**EXERCISE DETAILS:** Starting at the first line of the data and ending at the line with "Le repas se", copy each line exactly. Include both of those lines, but no pictures.

**TASK MATERIAL:**

————————

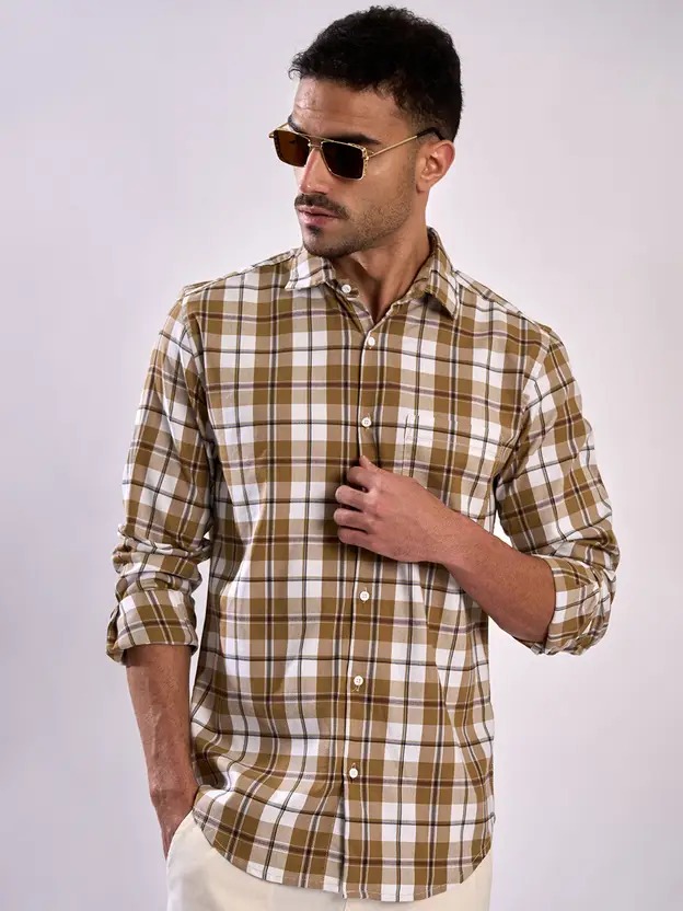 Men Slim Fit Checkered Spread Collar Casual Shirt
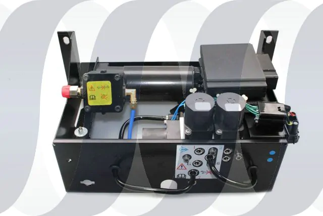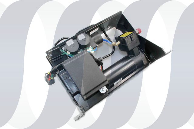 Die Kompressoreinheit ist ein von Dunlop hergestelltes Originalteil für das werkseitig eingebaute Luftfedersystem von Nissan-Nutzfahrzeugen. Die Compressor Unit ist komplett und mit einem neuen Kompressor, Fronttrockner und Steuergerät ausgestattet.
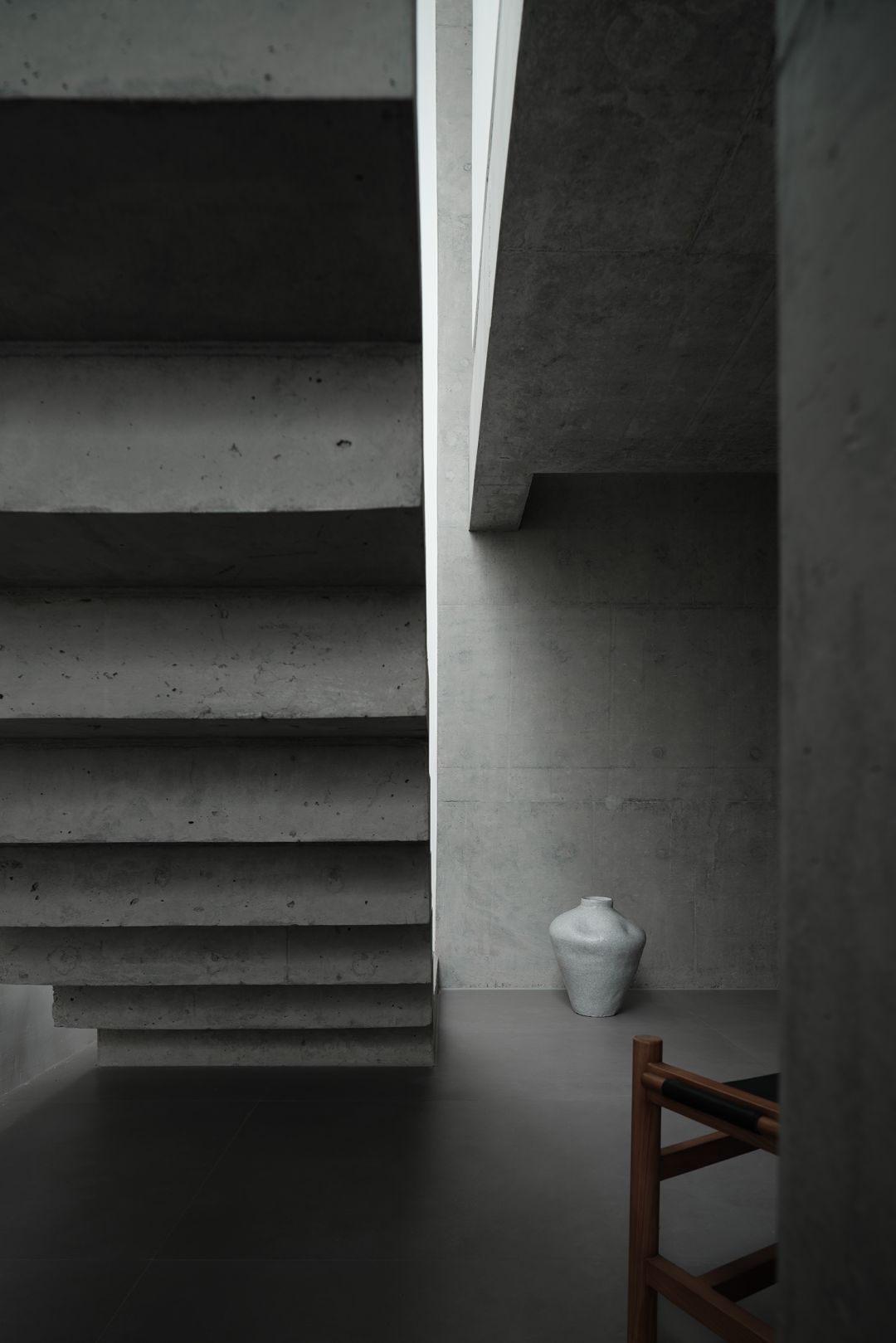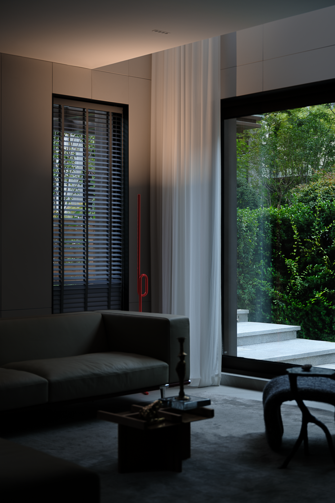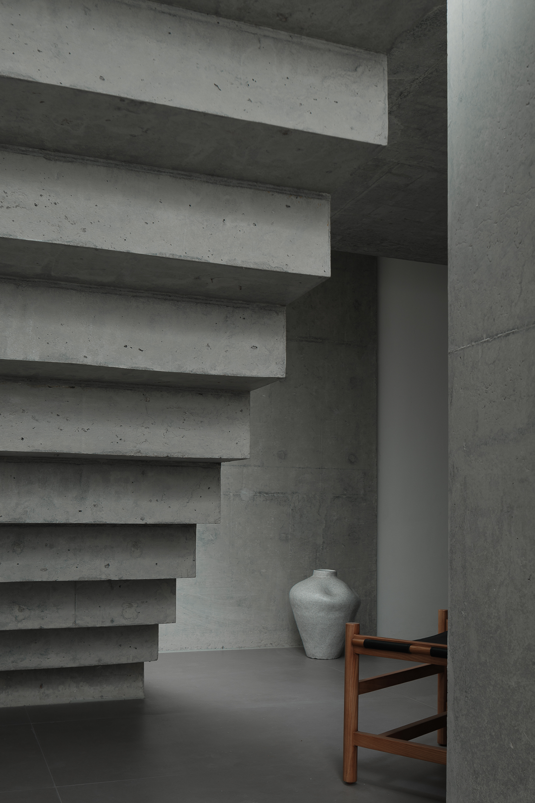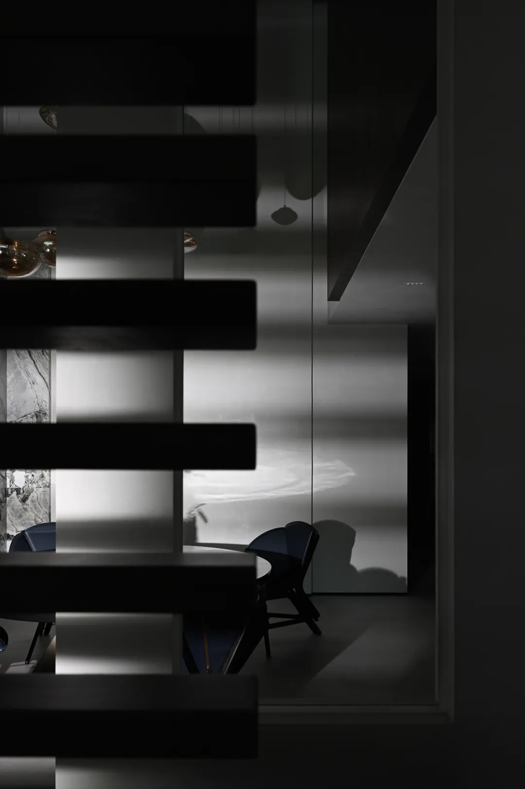 自负二层进入,即逢盛景,自然光由天井倾泻而下,如银练般贯穿五层建筑。粉黛乱子草以一己之力,在大篇幅留白的悠长中植入野趣,如几何体块中破壁而出,柔化了混凝土的冷峻,形成物性与自然的戏剧性对话。一面引入生命的蓬勃能量,一面转译为艺术的切片装置。一室三折,幽游相生。光是牵引,点化蜿蜒,南向天井贯通,让天光一泻而下,将现浇楼梯的原始朴意转译为灵动的诗行。轻盈的琴键姿态,曲折有致,奏响韵律,引渡着视线与动线一并盘旋向上,至负一层的影视厅空间。与平行时空的电梯,形成纵向通道上的洄游动线,每一面行走,皆如园中游。东方诗意造境哲学的基因,在于埋下言有尽而意无穷的微妙遐想,以留白延无限,以张力蕴空灵。设计自居者的生活习惯里提取形态,隐去冗余,将诗性和雅情藏于时空的虚无间。混凝土的原始质感,向上牵引的递进脉络,物与物的理性独白,定格为一幅可呼吸的静默油画,处处昭示着对本真精神美学的热烈崇尚。
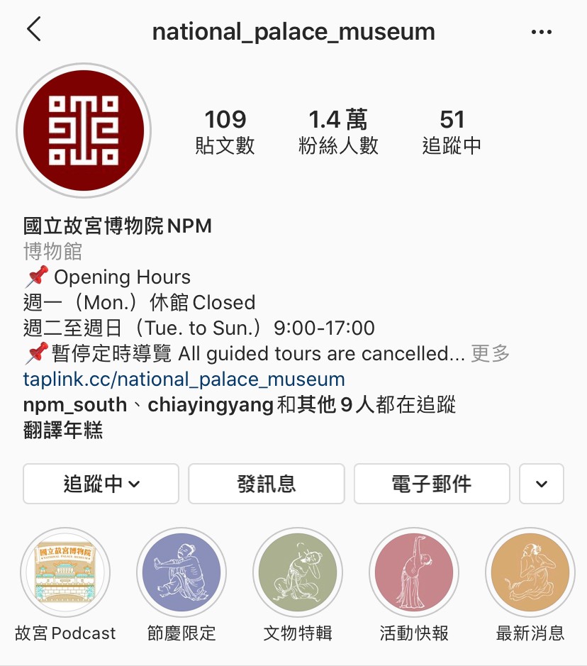 最後要介紹的,是(終於)在去年12月底正式開張的國立故宮博物院 (National Palace Museum) Instagram帳號。雖然目前這個帳號的發文特色還不是很明確,但看得出故宮是想透過比較幽默風趣的方式將館藏的中國藝術品融入大家的生活之中。
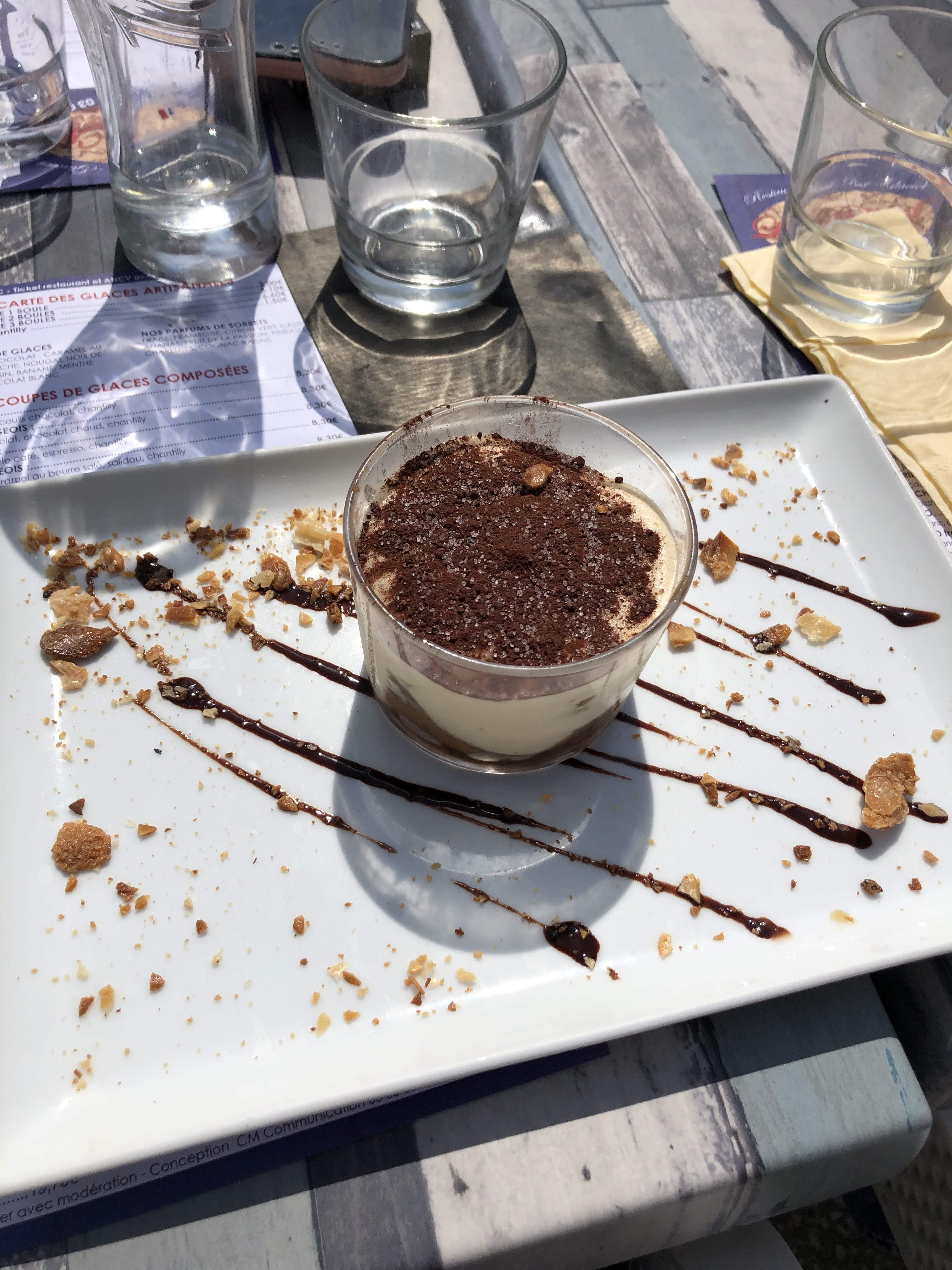 Le repas se passe sur la terrasse vue sur l'océan. Le personnel est agréable, souriant et disponible. Nous avons commandé le médaillon de thon mi-cuit avec son accompagnement, c'est un délice, cuisson au top. En dessert, nous commandons une coupe glacé 3 boules. Quelle surprise, grande coupe + chantilly et petite décoration, glace faite maison. Je recommande ++, très bonne adresse.
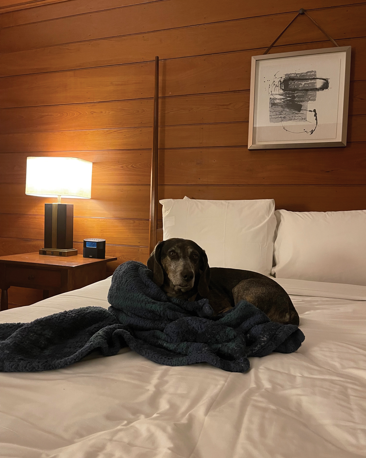 Staying in an unfamiliar space may cause a heightened sense of alertness in some dogs. I learned quickly that Piper was calmer when I brought a blanket or dog bed from home. Having something that smells like home and is familiar to your dog can help them feel comfortable in a new space. Likewise, to limit sound sensitivity, I often leave the TV on or pack a small FM radio to play music while I’m away, which helps muffle outside noises that may cause Piper to bark.
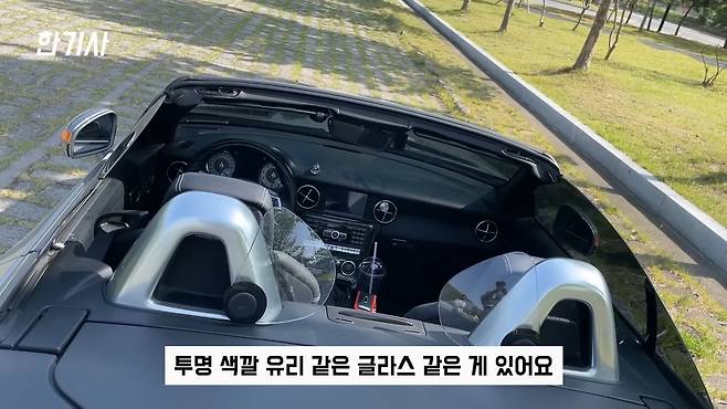 그리고 차의 뚜껑을 열었을 때 투명 색깔 유리 같은 글라스 같은 게 있는데, 이것은 오픈 헤어링을 할 때 뒤에서 들어오는 바람을 막아주는 역할입니다.
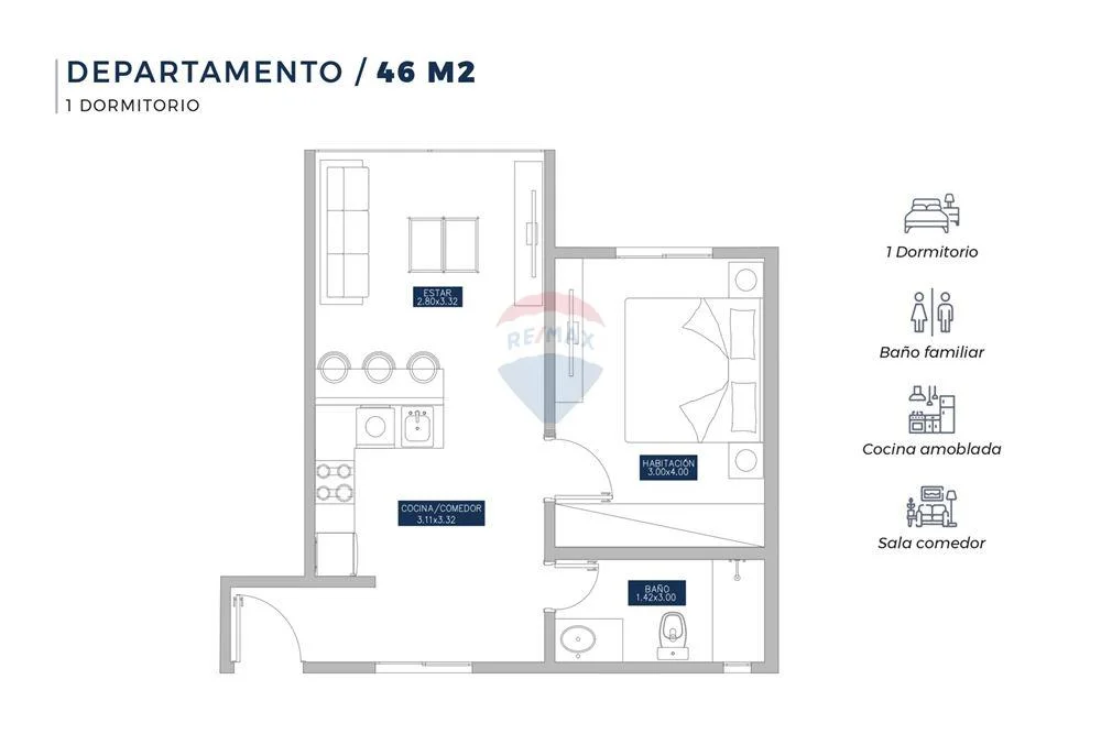 USD 54,000 1 dormitorio

————————

**ANSWER TO THIS PROBLEM:**
 Men Slim Fit Checkered Spread Collar Casual Shirt
 Die Kompressoreinheit ist ein von Dunlop hergestelltes Originalteil für das werkseitig eingebaute Luftfedersystem von Nissan-Nutzfahrzeugen. Die Compressor Unit ist komplett und mit einem neuen Kompressor, Fronttrockner und Steuergerät ausgestattet.
 自负二层进入,即逢盛景,自然光由天井倾泻而下,如银练般贯穿五层建筑。粉黛乱子草以一己之力,在大篇幅留白的悠长中植入野趣,如几何体块中破壁而出,柔化了混凝土的冷峻,形成物性与自然的戏剧性对话。一面引入生命的蓬勃能量,一面转译为艺术的切片装置。一室三折,幽游相生。光是牵引,点化蜿蜒,南向天井贯通,让天光一泻而下,将现浇楼梯的原始朴意转译为灵动的诗行。轻盈的琴键姿态,曲折有致,奏响韵律,引渡着视线与动线一并盘旋向上,至负一层的影视厅空间。与平行时空的电梯,形成纵向通道上的洄游动线,每一面行走,皆如园中游。东方诗意造境哲学的基因,在于埋下言有尽而意无穷的微妙遐想,以留白延无限,以张力蕴空灵。设计自居者的生活习惯里提取形态,隐去冗余,将诗性和雅情藏于时空的虚无间。混凝土的原始质感,向上牵引的递进脉络,物与物的理性独白,定格为一幅可呼吸的静默油画,处处昭示着对本真精神美学的热烈崇尚。
 最後要介紹的,是(終於)在去年12月底正式開張的國立故宮博物院 (National Palace Museum) Instagram帳號。雖然目前這個帳號的發文特色還不是很明確,但看得出故宮是想透過比較幽默風趣的方式將館藏的中國藝術品融入大家的生活之中。
 Le repas se passe sur la terrasse vue sur l'océan. Le personnel est agréable, souriant et disponible. Nous avons commandé le médaillon de thon mi-cuit avec son accompagnement, c'est un délice, cuisson au top. En dessert, nous commandons une coupe glacé 3 boules. Quelle surprise, grande coupe + chantilly et petite décoration, glace faite maison. Je recommande ++, très bonne adresse.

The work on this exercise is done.